Long-term rental incentive program could be coming to Ketchum
A ballot measure in Ketchum to increase the local option tax for workforce housing failed to get enough support in the May election. Now, city leaders are turning their attention to other solutions to the housing shortage.
One initiative at the top of the city’s list is called Lease to Locals, an incentive program that started in Truckee, California, two years ago.
Colin Frolich, the CEO of the Landing Locals, which started the program, is in Blaine County this week, talking with public officials and stakeholders.
Frolich said he and his wife Kai — the Co-Founder of the company and its Chief Impact Officer — used to visit Truckee, where they live now, as tourists from San Francisco. Until they moved there, they didn’t fully understand the housing crisis. For the past few years, they’ve been focused on the solutions to mountain resort communities’ housing challenges.
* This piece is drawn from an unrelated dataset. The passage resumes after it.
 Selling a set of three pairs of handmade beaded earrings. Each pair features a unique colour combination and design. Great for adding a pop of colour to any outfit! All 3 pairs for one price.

The objective of Lease to Locals, Frolich said, is to convert existing housing units, ones that are being used for vacation rentals or are sitting empty most of the year as second homes, to new long-term rentals for the local workforce.
“We do that by providing the property owners one-time cash incentives on top of the rent they collect for converting those properties,” Frolich said during an information session in Ketchum on Thursday.
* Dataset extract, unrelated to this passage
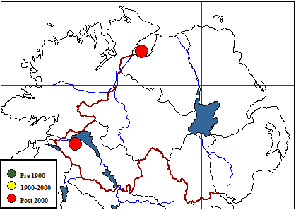 | Habitat (where recorded) & number of records: Grassland: calcareous, semi-improved, upland (1) Neutral grassland: semi-improved (1) Woodland (1) Woodland: broadleaved, semi-natural (1) Woodland: mixed (1) |
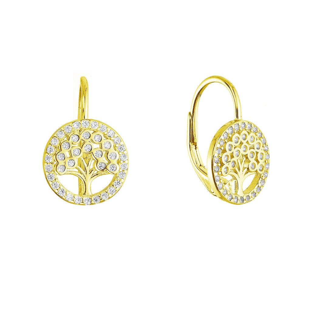 Pozlátené strieborné náušnice strom života so zirkónmi 11713.1

The funds come from local government budgets and sometimes employers.
In Truckee, an owner renting to two local employees for a year got $9,000. Renting to one employee for 11 months or fewer made an owner $2,000. But, they’re just one-time payments.
“So, we’re a piece of the puzzle, but not the entire solution,” Frolich said.
Still, as that pilot was nearing the one-year mark, 80% of participants continued renting to locals, even with no added incentive. The program opened up rentals for 112 people in Truckee over the first year and a half for an average rent of $1,051 per bedroom.
Now, Lease to Locals is in four – soon to be five – resort communities in California and Colorado.
“We've had 40-plus tourist towns reach out to us in the last year,” Frolich said, ranging from tiny lake towns in Michigan to big cities like Austin, Texas.
As a small company, Landing Locals doesn’t have the capacity to go everywhere at once, but Ketchum is high on its list as a next destination.
If the city council chooses to sign off on the $500,000 investment in July, the program could come to Ketchum this fall.
The city describes this program as a quick and effective solution, citing that when it came to Summit County, Colorado, home to Breckenridge, it opened up 30 units for locals in the first 45 days.
Lease to Locals was also a program listed in the city’s housing action plan the council signed off on in May.
There are some factors Landing Locals will discuss with local stakeholders to mold the program to the specific needs of the Wood River Valley.
For example, it would want to know what type of housing units to target: short-term rentals, empty second homes, private rooms or a mix.
It would also want to develop an incentive structure and lease length guidelines that work for renters and local property owners. And it would want to define who compromises the local “workforce” the program would be serving.